Фейт впервые пришло в голову, что Кейна могли считать замешанным в исчезновении Дайны.
– Полиция думала, что он мог… причинить ей вред? – медленно спросила она.
– Обычные измышления прессы – я не верю, что полиция когда-либо всерьез его подозревала. Согласно газетам, у него было алиби на весь период, в течение которого Дайна могла исчезнуть, да и никто не мог обнаружить даже намека на мотив, по которому он мог хотеть от нее избавиться. К тому же и она его не боялась.
– Откуда вы знаете?
– По ее глазам. – Улыбка Карен была грустной. – Обиженную, затравленную женщину всегда выдает взгляд. У Дайны его не было. Теперь его нет и у вас.
Это удивило Фейт.
– В самом деле?
– Именно поэтому я поняла, что вы действительно потеряли память. Вы не помните страха, унижений, стыда. Не помните, как вы страдали, когда мужчина использовал свою силу и свой гнев в качестве оружия.
Фейт сознавала, что в ее прошлом существуют вещи, которые она надеялась забыть навсегда.
– Дайна никогда такого не испытывала, – продолжала Карен. – И хотя она мало говорила о Кейне Макгрегоре, по ее словам было ясно, что она любит его.
Фейт хотелось развить эту тему, но она хорошо понимала, что ею движет личное любопытство и что это не поможет им найти Дайну. А они должны это сделать – пока еще не поздно.

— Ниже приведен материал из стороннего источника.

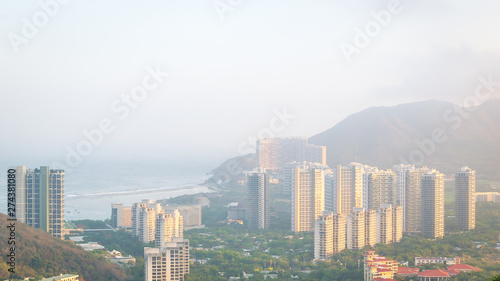 © Amateur007, Naklejka premium View of one of the districts of Sanya city. Visible are the skyscrapers. Sunset, blur, haze. Hainan Island, China.
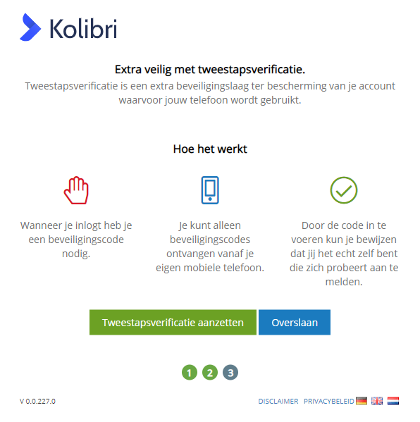 Daarna krijg je de optie om een tweestapsverificatie aan te zetten. Dit is een extra beveiliging waarbij een code via SMS naar je mobiele telefoon gestuurd wordt zodra je inlogt, zodat alleen jij met je gegevens kunt inloggen. Je kunt deze stap overslaan maar we raden ten sterkste aan om toch van deze mogelijkheid gebruik te maken.
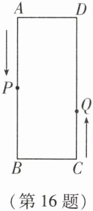 16. 如图,在矩形ABCD中,AB= 16cm,AD= 6cm. 动点P、Q分别从A、C两点同时出发,点P以每秒3cm的速度向终点B运动,点Q以每秒2cm的速度向终点D运动. 设点Q的运动时间为t秒.
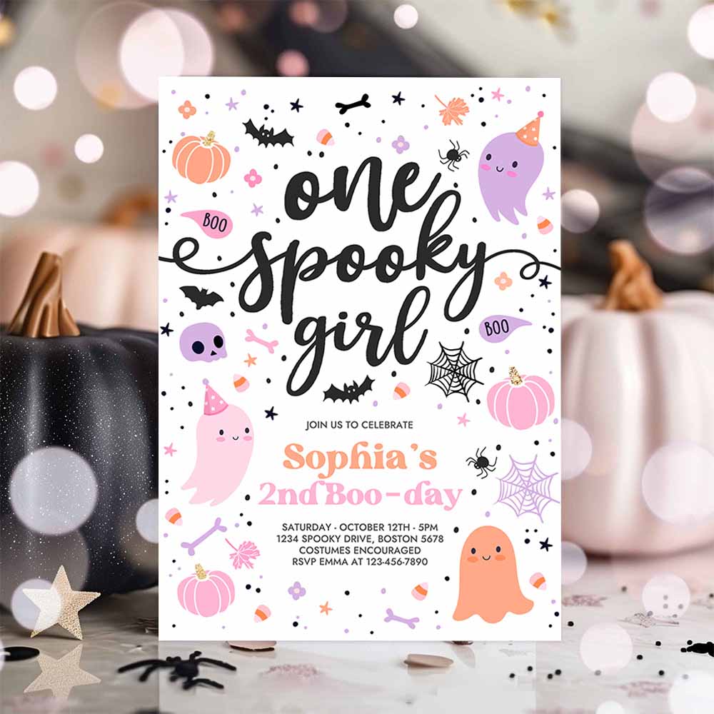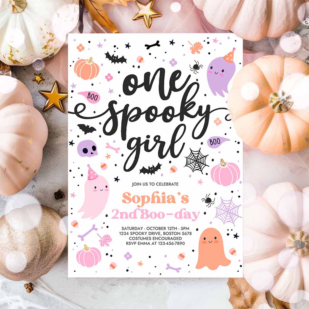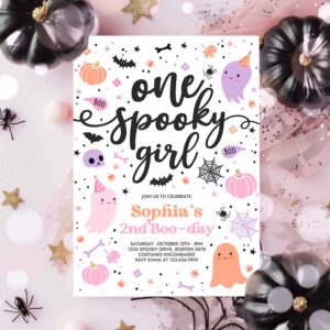 One Spooky Girl Cute Pink Ghost 1st Birthday Party Invitation Cute Pink Ghost 1st Birthday Spooktacular Party
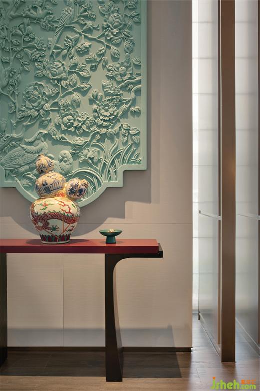 墻面掛飾采用中國四大木雕之潮汕木雕工藝打造,藍綠色的整體運用讓傳統(tǒng)的藝術(shù)品富有當代性,從細節(jié)處流露自然氣息與生活意趣。

– Насколько хорошо вы знаете Дайну? – спросила Фейт, сознательно используя настоящее время.
Карен задумалась:
– С одной стороны, я знала… знаю ее очень хорошо, а с другой – не уверена. Дайна была толковой, понимающей, поразительно щедрой. Ей можно было доверить любую тайну – она хранила бы ее так же тщательно, как свою собственную. Но я не могу ничего сообщить вам о ее прошлом или о том, чем она занималась и где бывала. – Карен сделала паузу. – Дайна впервые приехала сюда несколько месяцев назад, чтобы написать статью о нашем приюте, но, и закончив работу, продолжала приезжать и жертвовать ради нас своим временем и деньгами. Здесь она с вами и познакомилась.
Фейт встрепенулась:
– Неужели?
– Да. Просто удивительно, как вы сразу друг другу понравились. Помню, в первые дни вы сидели на ступеньках и говорили часами. Потом я спросила вас об этом, и вы сказали, что впервые в жизни начали верить в реинкарнацию, так как хотя вы с Дайной никогда раньше не встречались, но, несомненно, были очень близки в какой-то иной стадии вашего существования. По вашим словам, она была единственным человеком, которому вы могли полностью доверять.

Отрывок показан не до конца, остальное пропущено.